The introductory course to relational databases ends with a project
illustrating the use of a relational database together with a simple CRUD web
application.

The Python language could be a better fit compared to PHP for this kind of
assignment as both students and the teaching staff are already familiar with
the former from preceding units.

To showcase Python as a platform suitable for this purpose, a small demo
project specified in `./demo-project-specs.md` will be implemented.

The present document aims to motivate the functional and technical choices
which have been made.


## Interpretation of the specifications

Undefined aspects of the specifications are clarified as follows, with the
intent of keeping the project as simple as possible:

* the platform only deals with one currency ([simoleons], arbitrarily),
* the platform only supports one language (English, arbitrarily),
* each user only has one account/wallet/balance (all three terms synonymous),
* there is no notion of financial order (transactions are immediate),
* only the effective transactions are logged, the rejected ones are not,
* fees are billed on top of internal transfers instead of taking a cut.

[simoleons]: https://en.wiktionary.org/wiki/simoleon


## Database model

### Entity-relationship model

The database model is fully described as types, tables and constraints in
`./sql/tables.sql`. The file is annotated with comments and remarks explaining
the design choices and highlights some additional constraints which remain to
be enforced at upper levels.

An entity-relationship diagram of the model can be generated from the SQL table
descriptions using a tool like [SQLFairy] (_note: SQLFairy [crashes] with
recent PostgreSQL dialects, so it is not usable here_).
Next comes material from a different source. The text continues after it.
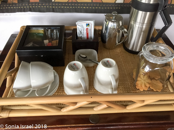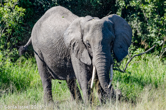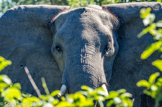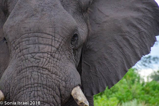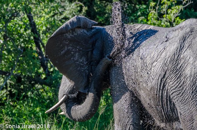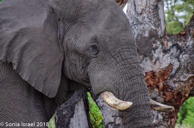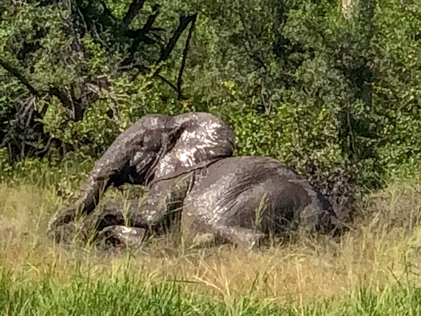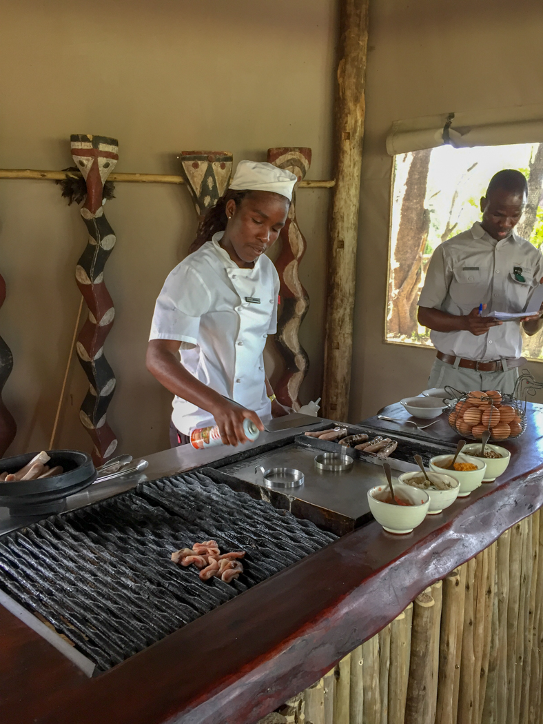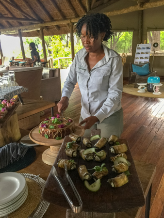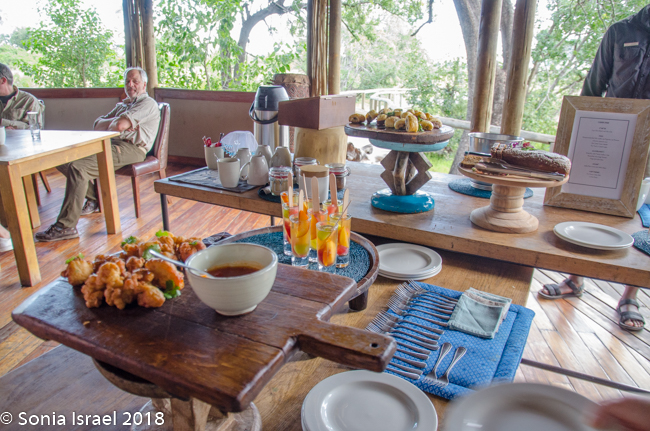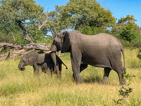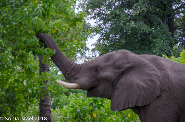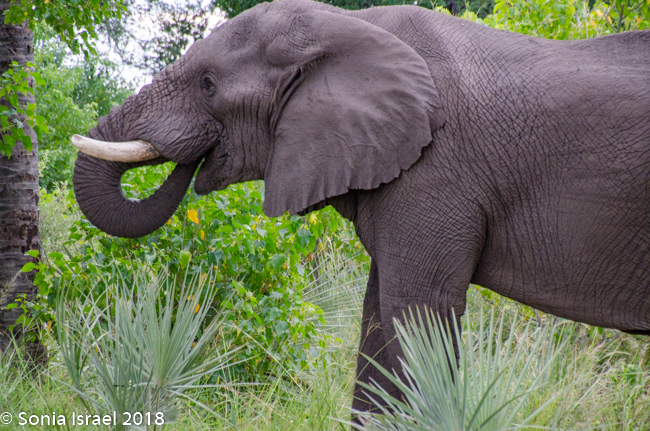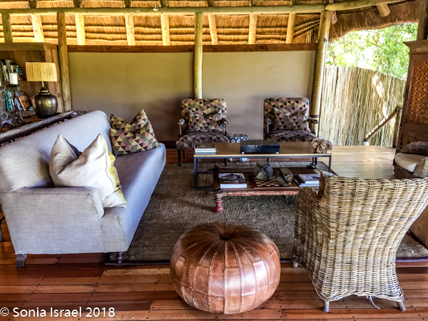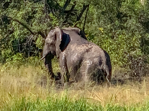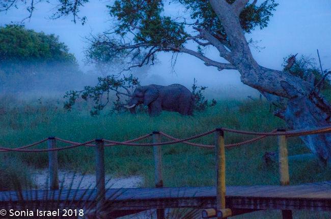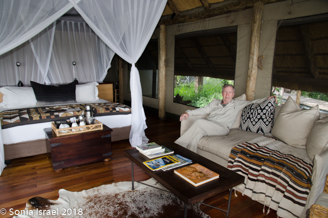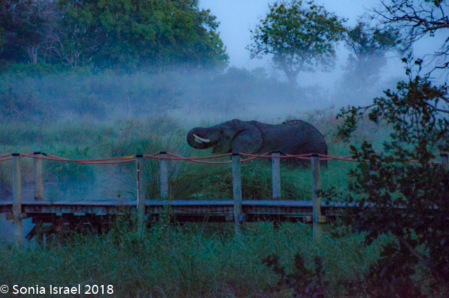 We had arrived in time for tea and snacks. Taswell, the hotel manager, sat us down for the house rules. No walking alone at night; we must be shown to our room by a staff member. Blow the air horn in your room three times if there is an emergency and turn your lights on. If you hear someone else’s air horn, turn your lights off (so they know which tent has the emergency). Always keep your eyes open as this lodge is not fenced in and there are animals everywhere. And as if to prove his point, an elephant appeared, just sauntering along, right by the camp. Yes! That is why we came to Africa.

[SQLFairy]: http://sqlfairy.sourceforge.net/
[crashes]: https://rt.cpan.org/Public/Bug/Display.html?id=138045

### Consistency

The consistency of the account balance and the financial transaction log can
be ensured through multiple means such as executing modification and insertions
in SQL transactions at the application level, or using triggers within the
database itself. The former option is chosen over the latter to avoid implicit
actions.

Additional constraints to prevent alterations of the financial transaction log
such as deletions are omitted here as the web application will act as the sole
gateway to interact with the database and will offer no way of doing this kind
of operations. For the same reason, the use of stored procedures was not
retained.


## Web application

### Platform

#### Interface with the database

Object-Relational Mappers ([ORM]) such as [SQLAlchemy] are sometimes used to
partially or fully abstract the database and its entities behind objects in the
Object-Oriented Programming ([OOP]) sense. With those tools, it is possible to
generate tables, indexes, and constraints from annotated classes. They also
allow automatic querying and implicit joins to perform information retrieval,
and inserting and updating records in the database directly by setting fields
on linked objects.

[ORM]: https://en.wikipedia.org/wiki/Object-relational_mapping
[SQLAlchemy]: https://www.sqlalchemy.org/
[OOP]: https://en.wikipedia.org/wiki/Object-oriented_programming

However, the [object-relational impedance mismatch problems][ORIM] often render
the use of ORMs impractical especially for complex queries, more often than not
resulting in the developers bypassing the ORM altogether. The tools also tend
to introduce performance issues due to the implicit queries they generate in
situations in which developers do not always expect them to.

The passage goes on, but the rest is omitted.